→ **How to complete this task**
Take the lines of the data below from the very first through the line containing "繼1600余位書(shū)法" and output them exactly, pictures excluded.

→ **Given records**
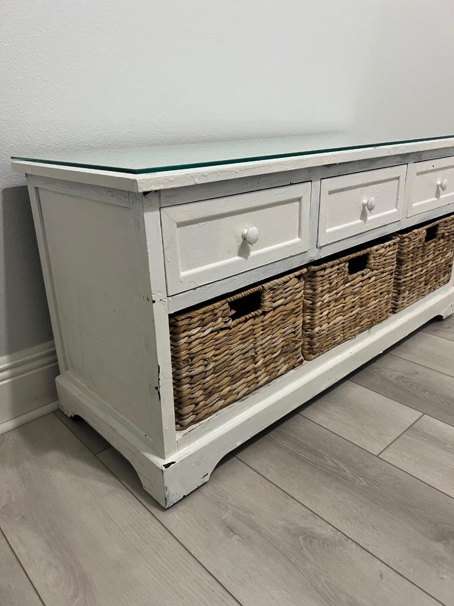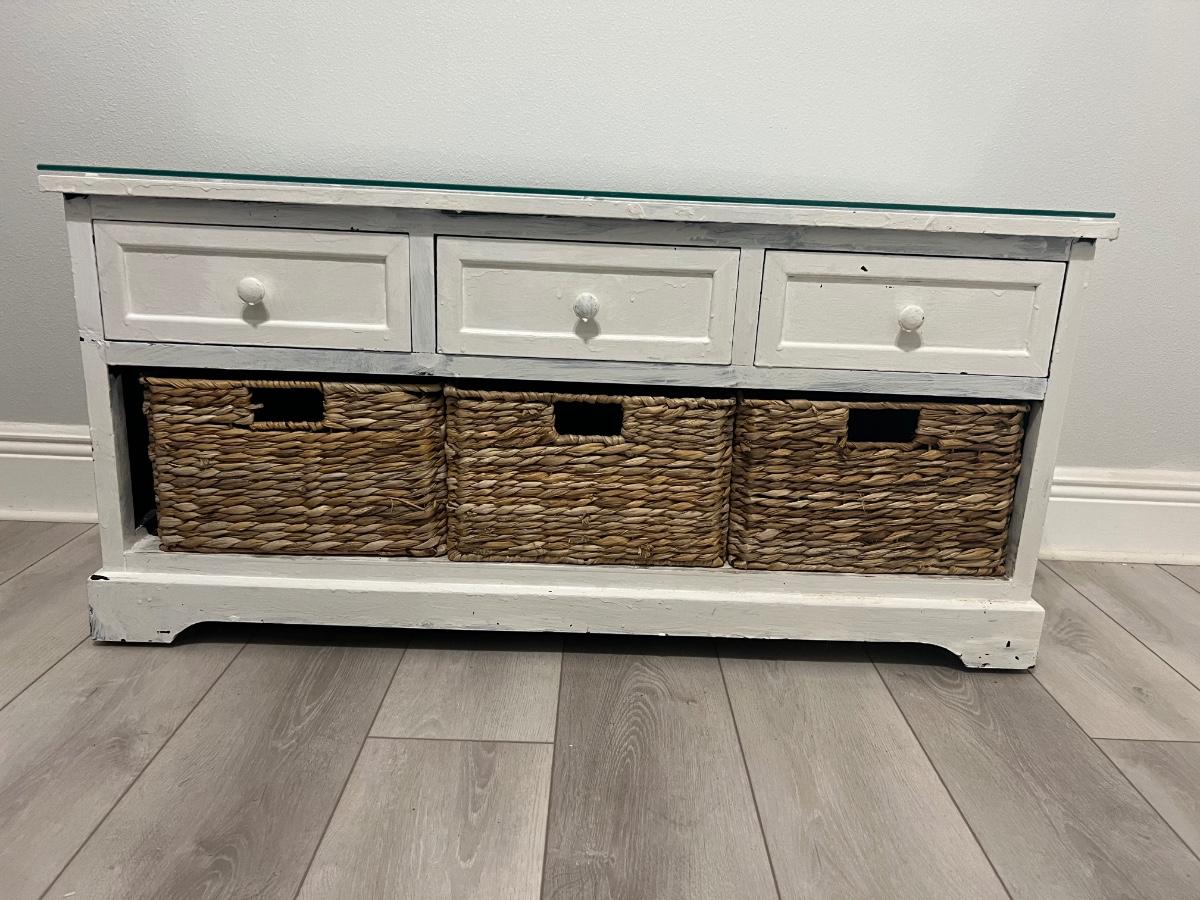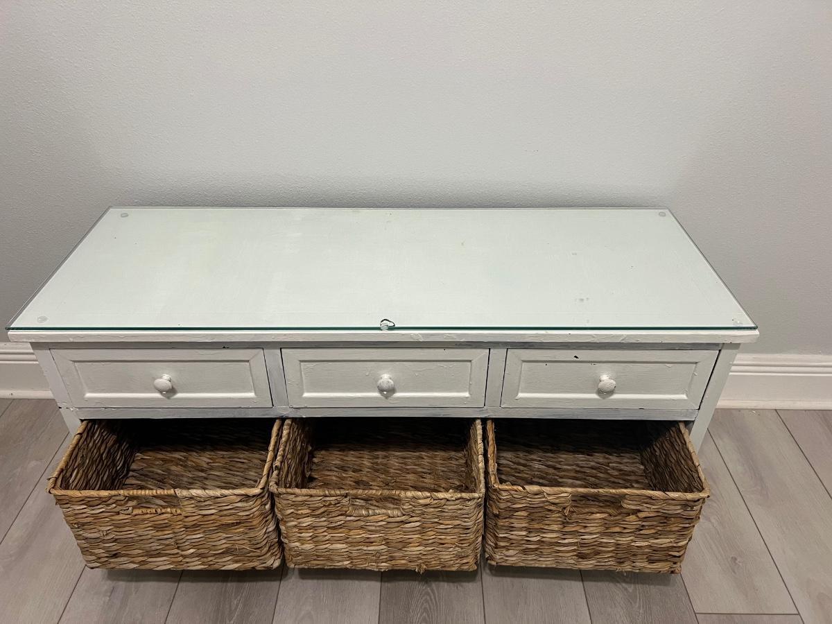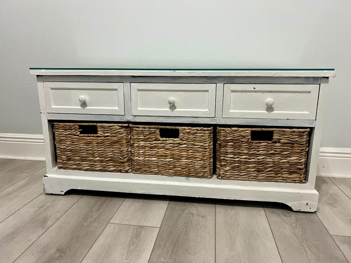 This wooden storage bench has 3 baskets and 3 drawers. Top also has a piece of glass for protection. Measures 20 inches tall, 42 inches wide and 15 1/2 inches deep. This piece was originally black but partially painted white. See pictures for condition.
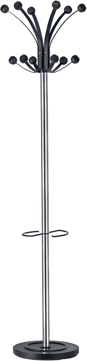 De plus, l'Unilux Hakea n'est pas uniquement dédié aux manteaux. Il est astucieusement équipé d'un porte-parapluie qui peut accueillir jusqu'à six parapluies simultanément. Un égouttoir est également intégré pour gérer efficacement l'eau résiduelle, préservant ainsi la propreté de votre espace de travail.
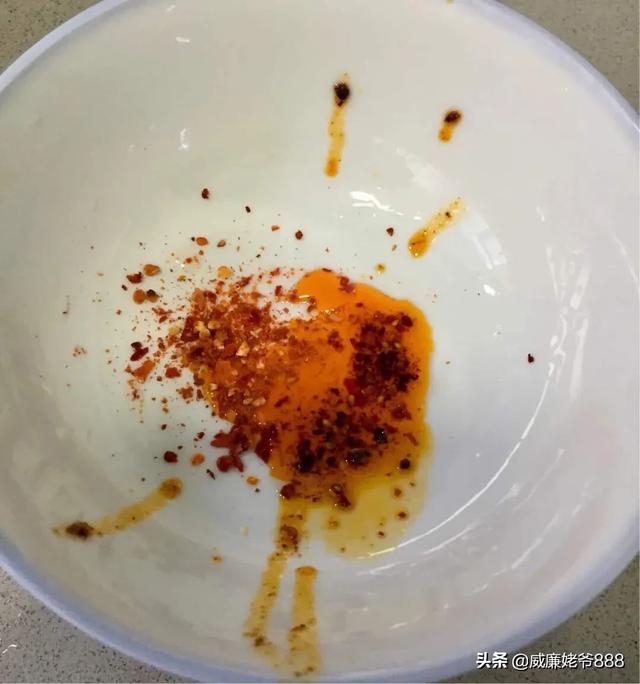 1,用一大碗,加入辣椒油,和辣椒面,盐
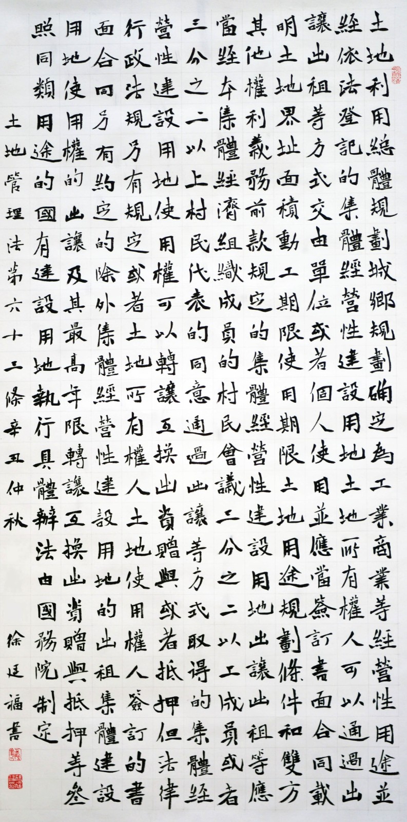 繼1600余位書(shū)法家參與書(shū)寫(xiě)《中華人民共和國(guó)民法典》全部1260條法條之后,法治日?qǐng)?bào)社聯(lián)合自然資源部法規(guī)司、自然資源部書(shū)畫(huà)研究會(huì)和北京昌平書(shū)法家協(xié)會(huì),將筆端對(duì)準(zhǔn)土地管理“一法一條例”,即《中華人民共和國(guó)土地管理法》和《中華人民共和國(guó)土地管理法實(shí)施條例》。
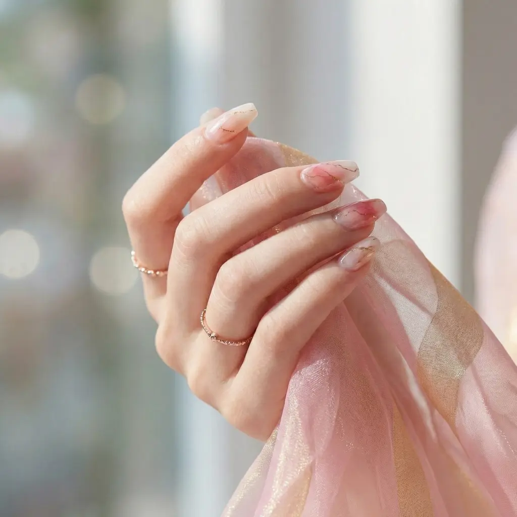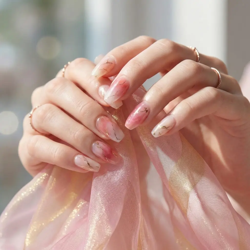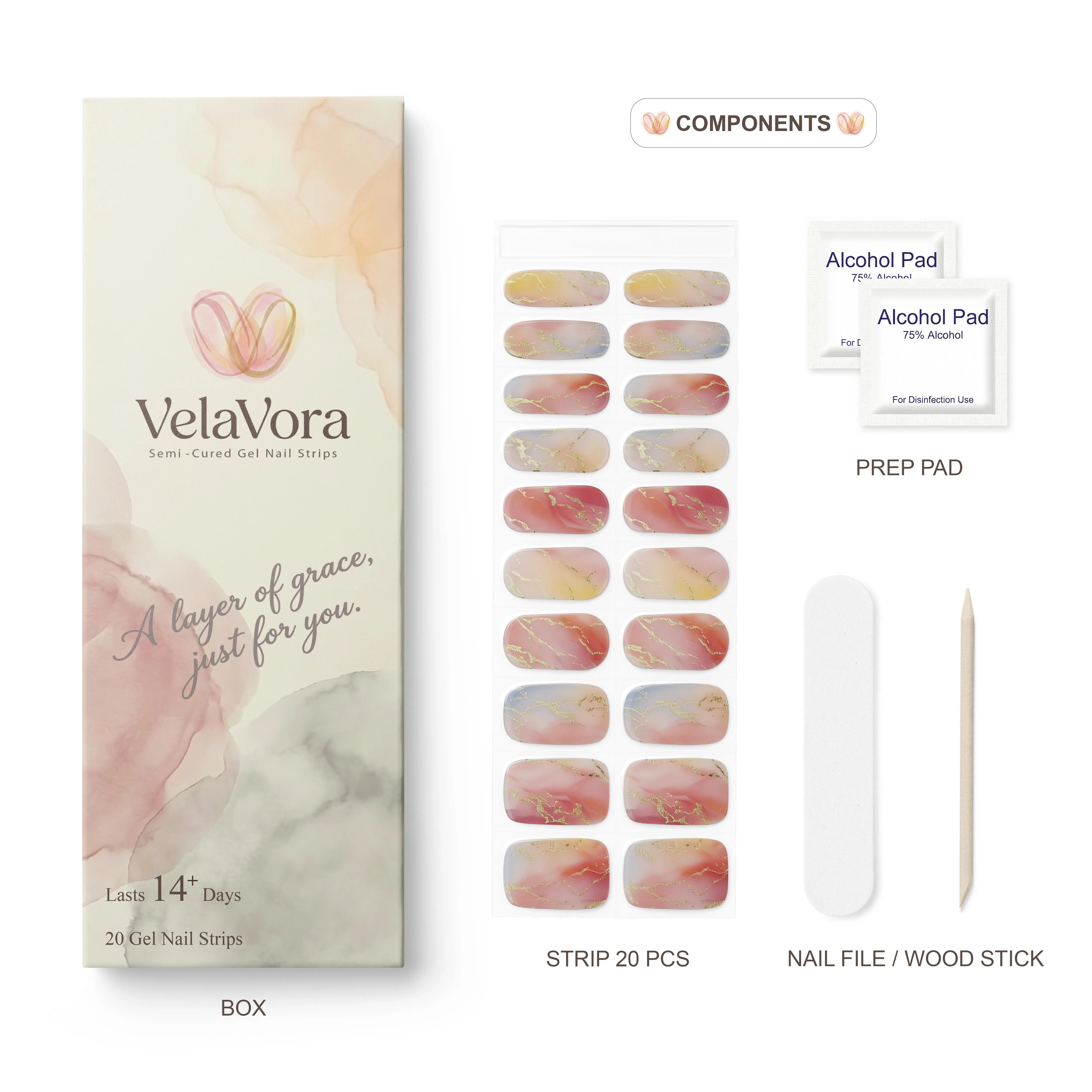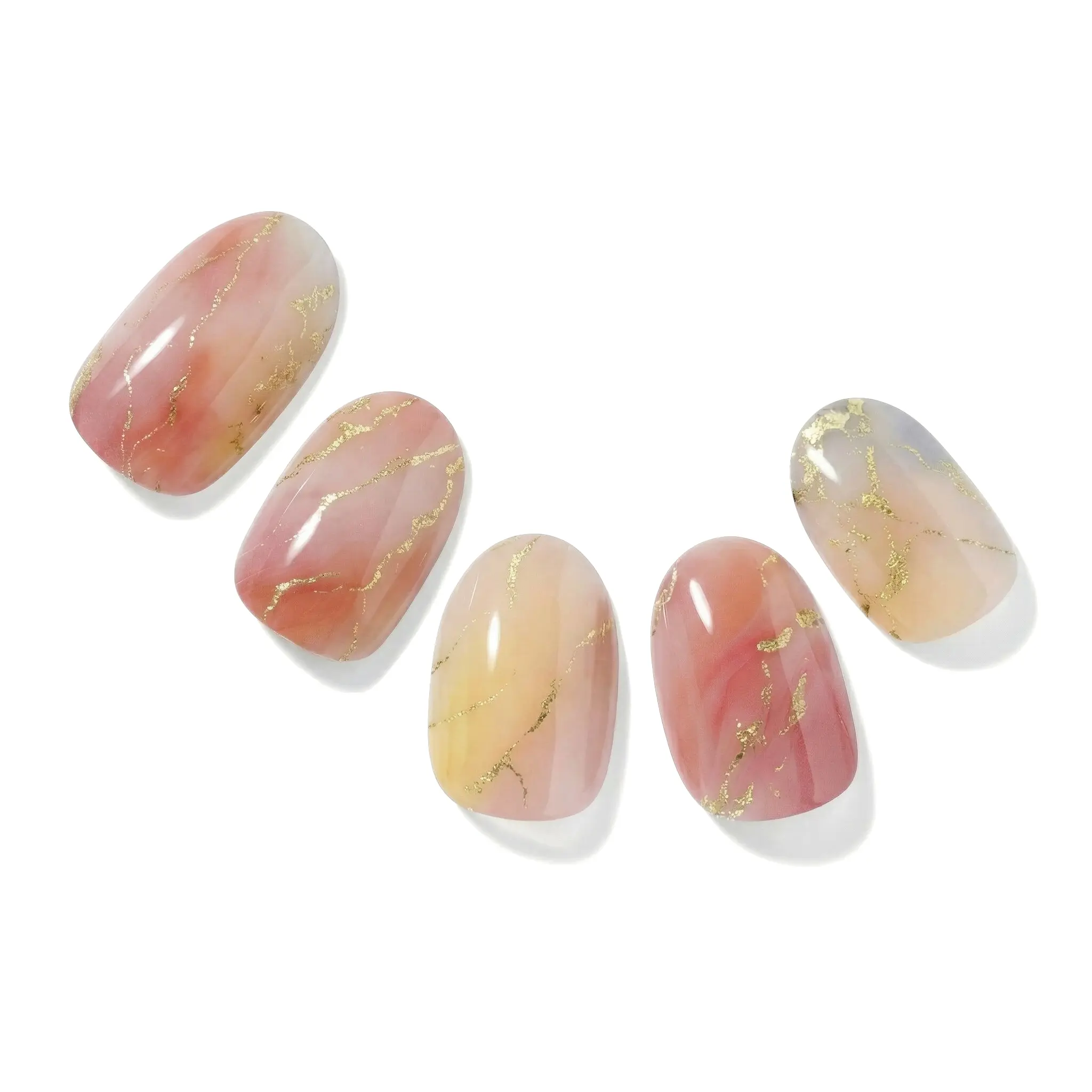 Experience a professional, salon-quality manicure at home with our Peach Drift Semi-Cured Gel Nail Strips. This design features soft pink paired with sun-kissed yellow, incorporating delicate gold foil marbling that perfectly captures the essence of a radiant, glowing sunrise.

→ **Written answer**
 This wooden storage bench has 3 baskets and 3 drawers. Top also has a piece of glass for protection. Measures 20 inches tall, 42 inches wide and 15 1/2 inches deep. This piece was originally black but partially painted white. See pictures for condition.
 De plus, l'Unilux Hakea n'est pas uniquement dédié aux manteaux. Il est astucieusement équipé d'un porte-parapluie qui peut accueillir jusqu'à six parapluies simultanément. Un égouttoir est également intégré pour gérer efficacement l'eau résiduelle, préservant ainsi la propreté de votre espace de travail.
 1,用一大碗,加入辣椒油,和辣椒面,盐
 繼1600余位書(shū)法家參與書(shū)寫(xiě)《中華人民共和國(guó)民法典》全部1260條法條之后,法治日?qǐng)?bào)社聯(lián)合自然資源部法規(guī)司、自然資源部書(shū)畫(huà)研究會(huì)和北京昌平書(shū)法家協(xié)會(huì),將筆端對(duì)準(zhǔn)土地管理“一法一條例”,即《中華人民共和國(guó)土地管理法》和《中華人民共和國(guó)土地管理法實(shí)施條例》。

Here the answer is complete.